Why Toy Story Works as a Licensing Property

Let’s start with the numbers. The original Toy Story (1995) was the first feature-length computer-animated film ever made. Budget: $30 million. Box office: $373 million. The sequels followed the same trajectory. Toy Story 2 crossed $511 million. Toy Story 3 and Toy Story 4 both surpassed $1 billion. Toy Story 3 won the Academy Award for Best Animated Feature.

But the revenue figures alone don’t explain the licensing power. What makes Toy Story different is its generational reach. The people who watched the original film as children in 1995 are now parents - in their late 20s and 30s - taking their own kids to see Toy Story 5. That’s not just nostalgia. That’s a brand that has compounded emotional equity across three decades and two generations of consumers.

That is extremely rare. And Disney knows exactly what it has.

The other factor working in Toy Story 5’s favour is timing. The film’s central theme - the tension between classic physical toys and digital screens - couldn’t be more culturally relevant. The UK recently announced a ban on social media for under-16s, following Australia’s lead. Screen time is one of the defining anxieties for parents right now. Toy Story 5 doesn’t just entertain. It arrives with cultural resonance. That gets families into cinemas. And families in cinemas are the engine of a licensing program.
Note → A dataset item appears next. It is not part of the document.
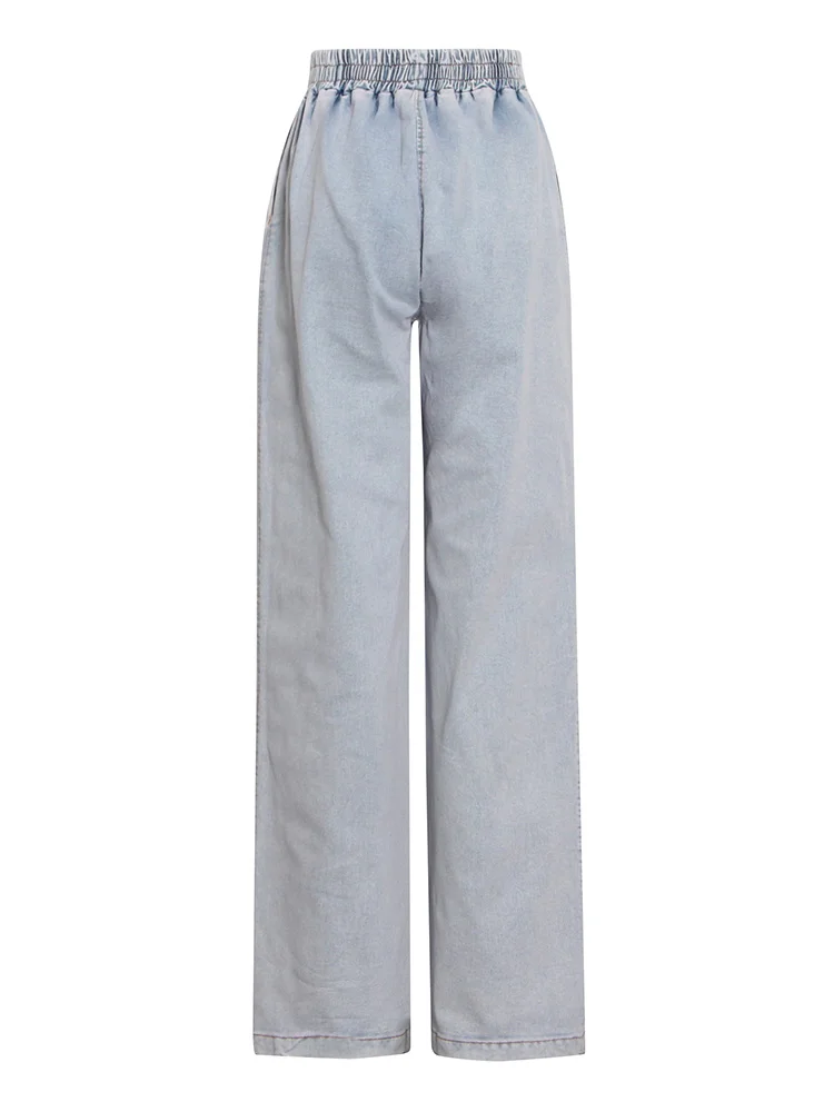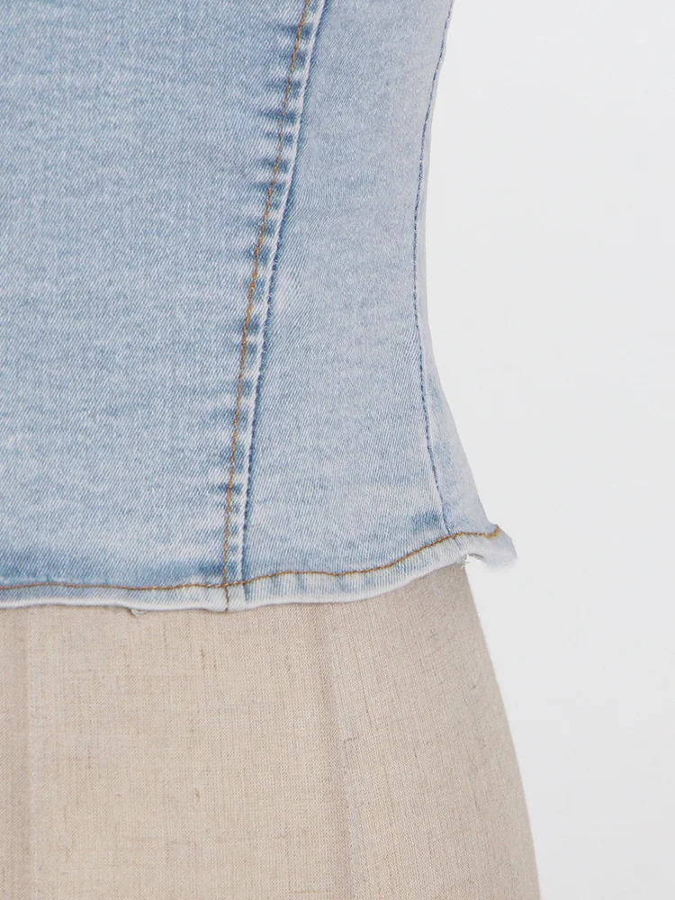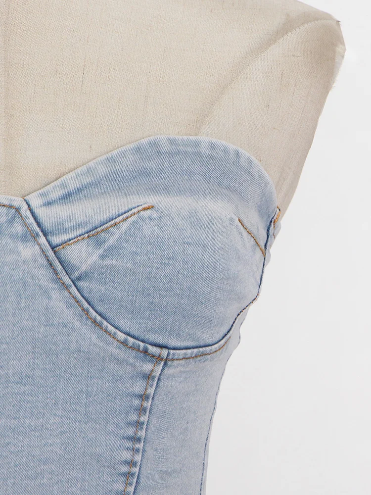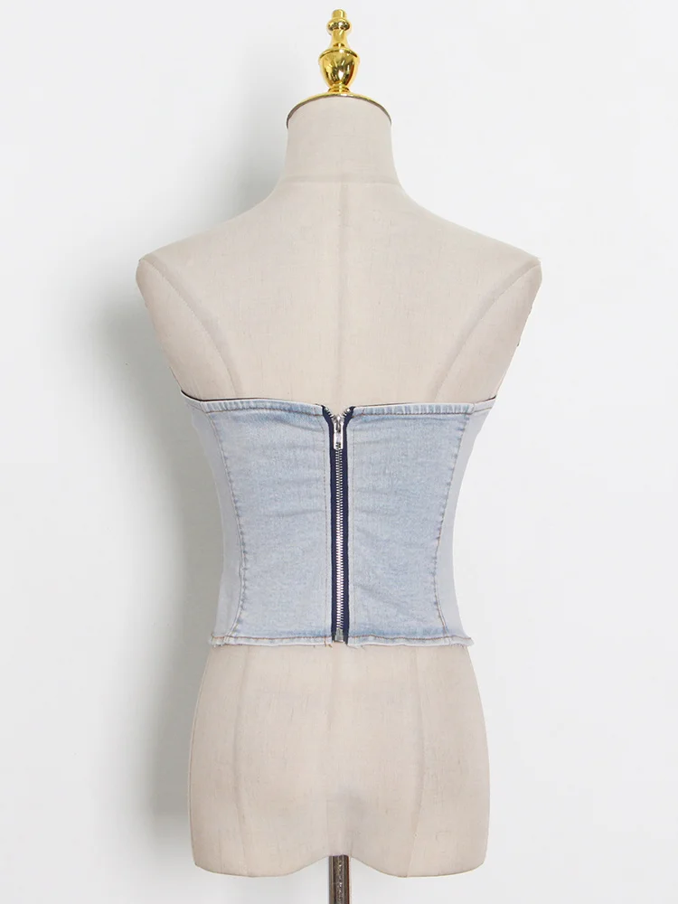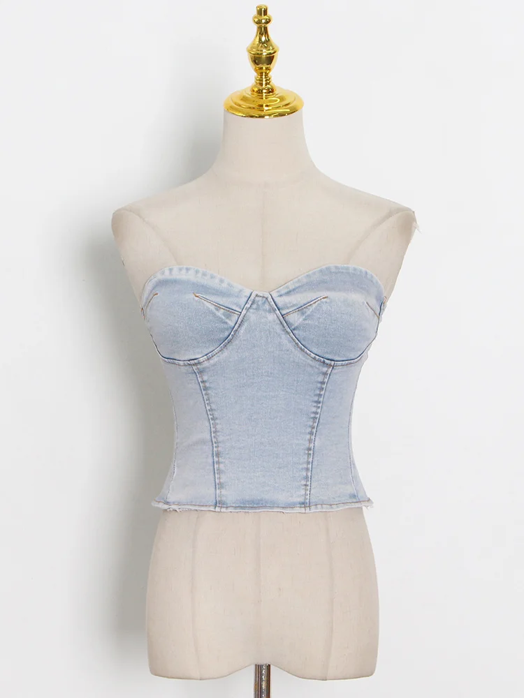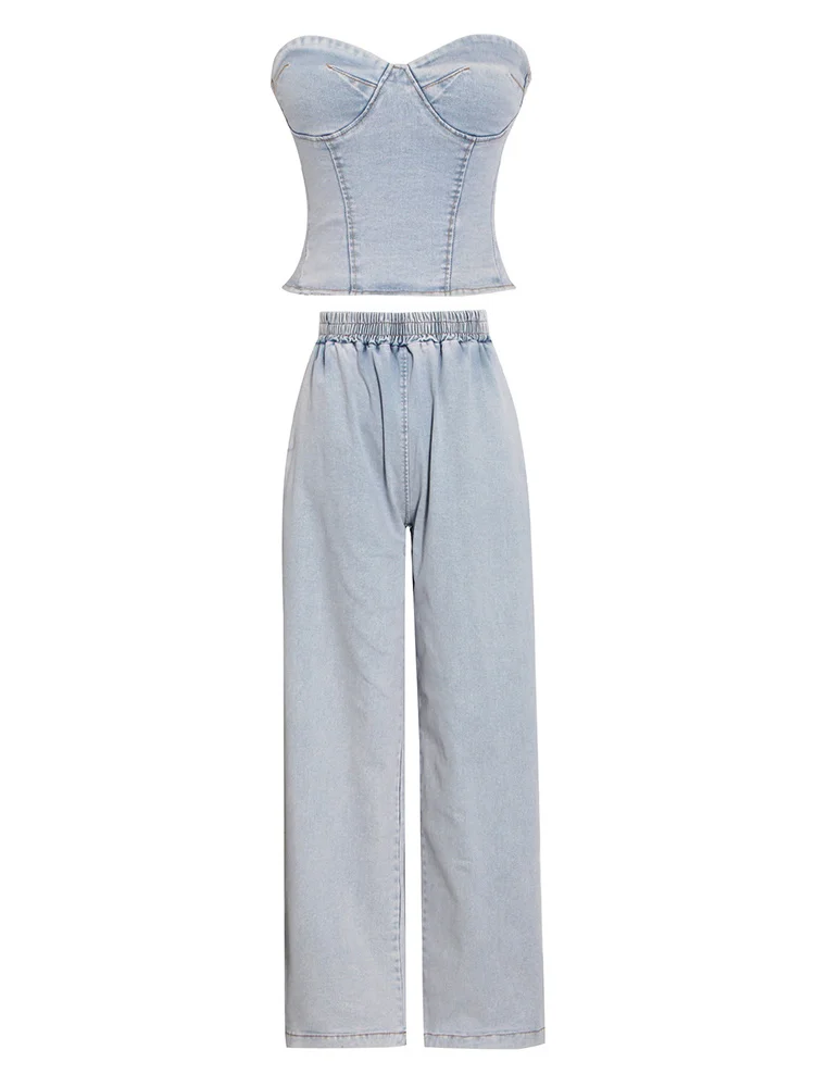 TWOTWINSTYLE Sets Two Pieces Denim Vest Off Shoulder Crop Top High Waist Straight Long Trousers Jeans 2022 Spring New Sets

Above: Toys vs. tech is a key theme from Toy Story 5

Papa John’s: This Is What Good Brand Partnership Looks Like

My first stop on what became a Toy Story 5 field day was Papa John’s. Not a coincidence - they’re running a full partnership with the film, including themed menu items and a Pizza Planet pop-up that turned an actual restaurant location into an activation from the films.

The single day pop-up included claw machines, themed food and drinks, alien slime beverages, costume elements, and prizes including Toy Story Crocs. Tickets sold out almost immediately. Lines stretched around the block in LA heat. I spoke to someone who attended - she won a pair of Crocs from the claw machine and described the whole experience as genuinely well-executed.

But what I want to highlight is the menu itself. Papa John’s didn’t just slap a Toy Story logo on their existing range. They created named pizzas with Toy Story themes: “Space Ranger 'Roni”, “Sheriff's Round Up” and “Reach for the Pie”. The naming, the flavour design, the branded presentation - it all connects back to the IP.

There is nothing worse in licensing than a partnership that feels inauthentic. When a brand takes a logo and drops it onto an unrelated product with no creative thought, consumers notice. It reads as transactional. It doesn’t build love for the IP or the partner.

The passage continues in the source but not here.